H.263: Used primarily for videoconferencing, videotelephony, and internet video. H.263 represented a significant step forward in standardized compression capability for
progressive scan video. Especially at low bit rates, it could provide a substantial improvement in the bitrate needed to reach a given level of fidelity.
Sorenson Spark: A codec that was licensed to Macromedia for use in its Flash Player 6. In the same family as
H.263.
MPEG-4 Part 2: An
MPEG standard that can be used for internet, broadcast, and on storage media. It offers improved quality relative to MPEG-2 and the first version of H.263. Its major technical features beyond prior codec standards consisted of
object-oriented coding features and a variety of other such features not necessarily intended for improvement of ordinary video coding compression capability. It also included some enhancements of compression capability, both by embracing capabilities developed in H.263 and by adding new ones such as quarter-pel
motion compensation.
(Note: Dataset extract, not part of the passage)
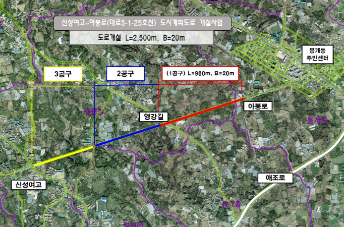 | ▲ 신성여고~아봉로(대로3-1-25호선) 도시계획도로 개설사업 위치도 |

Like MPEG-2, it supports both
progressive scan and
interlaced video.
DivX,
Xvid,
FFmpeg MPEG-4 and
3ivx: Different implementations of MPEG-4 Part 2.
MPEG-4 Part 10 (a technically aligned standard with the
ITU-T's
H.264 and often also referred to as
AVC). This emerging new standard is the current state of the art of
ITU-T and
MPEG standardized compression technology, and is rapidly gaining adoption into a wide variety of applications. It contains a number of significant advances in compression capability, and it has recently been adopted into a number of company products, including for example the
XBOX 360,
PlayStation Portable,
iPod,
iPhone, the
Nero Digital product suite,
Mac OS X v10.4, as well as
HD DVD/
Blu-ray Disc.
x264: A GPL-licensed implementation of H.264 encoding standard, x264 is only an encoder.
VP6: A proprietary video codec developed by On2 Technologies and used in Adobe Flash Player 8 and above.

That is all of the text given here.